A família toda reunida para o jantar, coisa que não acontecia desde o enterro de tia Ildegarda e acho que isso foi em 91, se não me engano. A mais velha das filhas, Elizabete, foi morar nos Estados Unidos e era a primeira vez que voltava para o Brasil – pelo menos era o que o pai pensava – e o Joca, sobrinho da Rute, dava risadinhas para o primo quando a Bete se punha a falar daquele jeito engraçado, com um sotaque esquisito, puxando todos os erres e colocando as palavras mais estranhas no meio das frases mais triviais:
- Como é mesmo que chama aquele negócio que a gente põe no coffe pra ficar doce?

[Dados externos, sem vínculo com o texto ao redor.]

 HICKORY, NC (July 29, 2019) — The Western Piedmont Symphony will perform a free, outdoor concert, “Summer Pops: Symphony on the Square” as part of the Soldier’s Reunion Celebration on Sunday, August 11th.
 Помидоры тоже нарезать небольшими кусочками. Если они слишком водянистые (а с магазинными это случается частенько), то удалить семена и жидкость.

O cachorro não dava sossego para a avó, se esfregando pelas pernas dela com o rabo como se fosse um gatinho siamês. O tio Wilson, como sempre, implicava com a televisão e dizia todo bravinho que não tinha cabimento todos desperdiçarem a primeira (e talvez a última) oportunidade de se encontrarem depois de quase vinte anos assistindo essas porcarias de programas de auditório. A avó não escutava, mas Rute respondia que ele era um exagerado, ora essa, afinal não tinha nada demais e ajudava a distrair as crianças e além do mais daqui a pouco ia começar o seriado que a avó gostava de assistir, aquele com o homem que tinha uma capa azul e uma mulher que ficava invisível. E a mãe logo vinha correndo lá do fogão com o avental todo desbotado, empunhando uma escumadeira e querendo apartar toda e qualquer rusga que pudesse comprometer o sucesso daquele almoço, que um dia antes ela qualificara com o adjetivo de histórico. Mas no que ela virava as costas, as piadinhas todas voltavam.

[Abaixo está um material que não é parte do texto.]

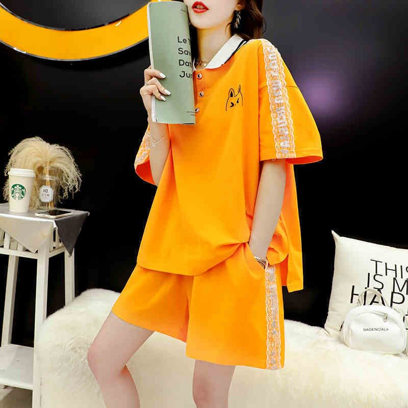 Летняя летняя одежда, комплект, шорты, штаны, большой размер, коллекция 2022, свободный крой, подходит для полных девушек, короткий рукав

Rubens lia o jornal e fazia caretas para as notícias de economia, as crianças corriam atrás do cachorro tentando grudar um pedaço de fita crepe no rabo dele e o pai fumava cachimbo e tentava atrair a atenção do tio Wilson com comentários sobre a última rodada do futebol. O marido da Rute quis se meter no meio deles, mas o pai não levava minimamente a sério suas opiniões – o marido da Rute era palmeirense roxo e não tinha nenhum interlocutor para assuntos futebolísticos naquela sala de jantar que parecia pequena demais pra tanta gente ali naquele momento. Os homens se serviram de um aperitivo: vodca sem limão e uns canapezinhos para beliscar enquanto a comida não saía. O Joca-sobrinho-da-Rute reclamava para todas as mulheres da sala que estava com fome, mas não tinha coragem de ir até a cozinha e expor seu drama diretamente à mãe. Ninguém tinha pena dele e depois de insistir (mas nem tanto assim) desistiu e foi olhar a sessão de quadrinhos do jornal.
Elizabete se queixou do calor. Rubens se queixou do dólar. Tio Wilson reclamou da zaga do Corinthians. A Rute, coitada, teve que repreender o sobrinho duramente em público pela oitava vez em menos de vinte minutos porque ele queria jogar os bibelôs da avó dentro do aquário. O pai não se queixava de nada específico, mas fazia cara feia cada vez que alguém falava alguma coisa sem esperar o consentimento dos olhos e do intelecto privilegiado dele. O primo do Joca queria puxar o pano que cobria a mesa sem derrubar os copos nem os pratos, que nem ele tinha visto num filme na noite anterior. A mãe queimou o dedo de leve na panela de arroz.
E o almoço, enfim, foi servido.
Almoço não: jantar.
Durante a entrada, Elizabete teve um infarto e quatro pessoas se encarregaram de tentar reanima-la e leva-la com vida até o hospital mais próximo, que na realidade ficava bem longe. As crianças, depois de uma meia-hora, foram as primeiras a sentirem os sintomas da intoxicação alimentar. Tio Rubens morreu ali mesmo na rede, cochilando e ninguém nem deu bola até o dia seguinte. A Rute, coitada, pegou uma infecção hospitalar nisso de levar a Elizabete e depois já voltar, pegar as crianças, ir pro hospital de novo, perceber que não tem mais vagas, ir pra outro hospital ainda mais longe, etc. A mãe morreu de desgosto umas poucas horinhas depois e o cachorro fugiu pelo portão da frente, que ficou aberto no meio daquela correria toda. A avó morreu de causas naturais, segundo o relatório do médico legista.
E o pai, verdadeiro herói grego, herdou todos os bens da família: quatro notas promissórias e a conta de tantos caixões, velórios e jazigos.